Since its shares were listed on the Nasdaq in the middle of the last decade, GW Pharma has really moved from strength to strength; setbacks have been few and far between, to the point where, in less than 10 years, its U.S.-listed stock is up more than 1,000%.

As CEO Justin Gover said on a recent conference call, its early–, mid-, and late-stage pipelines are shaping up nicely.

Here’s Where GW Pharma Is Going

Currently, the company is targeting U.S. Food and Drug Administration (FDA) approval for its Sativex medicine, which it hopes to clinch by the middle of 2021. This approval is absolutely critical to GW Pharma’s next round of growth.

Epidiolex and (global) Sativex sales helped the firm rake in nearly $526 million in revenue in 2020. One hundred and twenty-nine million dollars of that came from Epidiolex sales in the United States, and it’s reasonable to expect a just as good or better performance should Sativex gain approval here.

On the drug development front, GW is recruiting for a phase 2B study of a proprietary CBD formula for treating schizophrenia. The company is in placebo-controlled clinical trials for a cannabinoid aimed at improving the lives of folks with autism.
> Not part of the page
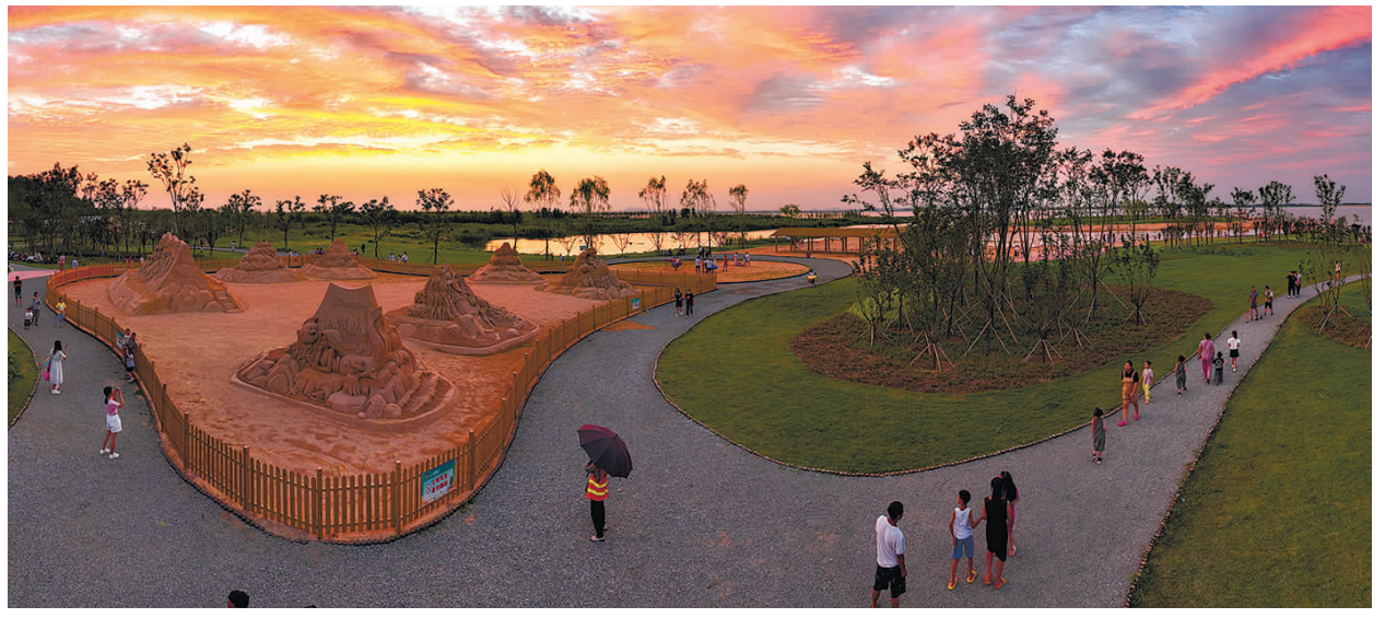
▼ 7月16日,我市多地出现火烧云美景。在石梁河库区黄金沙滩景点,晚霞、沙雕、小岛构成了一幅美轮美奂的画面。

Tantalizingly, GW is hoping to push a cannabis-derived “new chemical entity” or NCE forward into phase 1 trials; it’s playing those cards close to the vest, of course.

Considering all of this, it’s no wonder Dublin, Ireland-based Jazz Pharmaceuticals Plc. (NASDAQ: JAZZ) agreed to snap up GW Pharmaceuticals for a cool $7.2 billion in cash and stock. The move is a win-win-win – a plus for JAZZ shareholders, great for GWPH shareholders, and the move is particularly shrewd for Jazz. The company is edging closer and closer to the dreaded “patent cliff” with its Xyrem (sodium oxibate) narcolepsy drug, and acquiring GW Pharmaceutical’s portfolio and stuffed pipeline of lucrative cannabinoids will go a long way toward easing the patent cliff’s impact.

GWPH shares have skyrocketed since news of the Jazz takeover, but there are still, at most, a few months left to pick up GWPH shares and reap some upside before Jazz snaps up all the stock and GW Pharma stockholders get paid or get Jazz shares.

To be clear, I don’t think this acquisition is the end of the story when it comes to cannabis biotechs. Quite the contrary: With Epidiolex and Sativex, Jazz is acquiring what will in all likelihood become “blockbuster,” $1-billion-in-revenue-per-year drugs over the next five years, which would ultimately make it a savvy cannabis biotech play in its own right. But either way, it’s clear that the future of cannabis-derived medicine starts right now.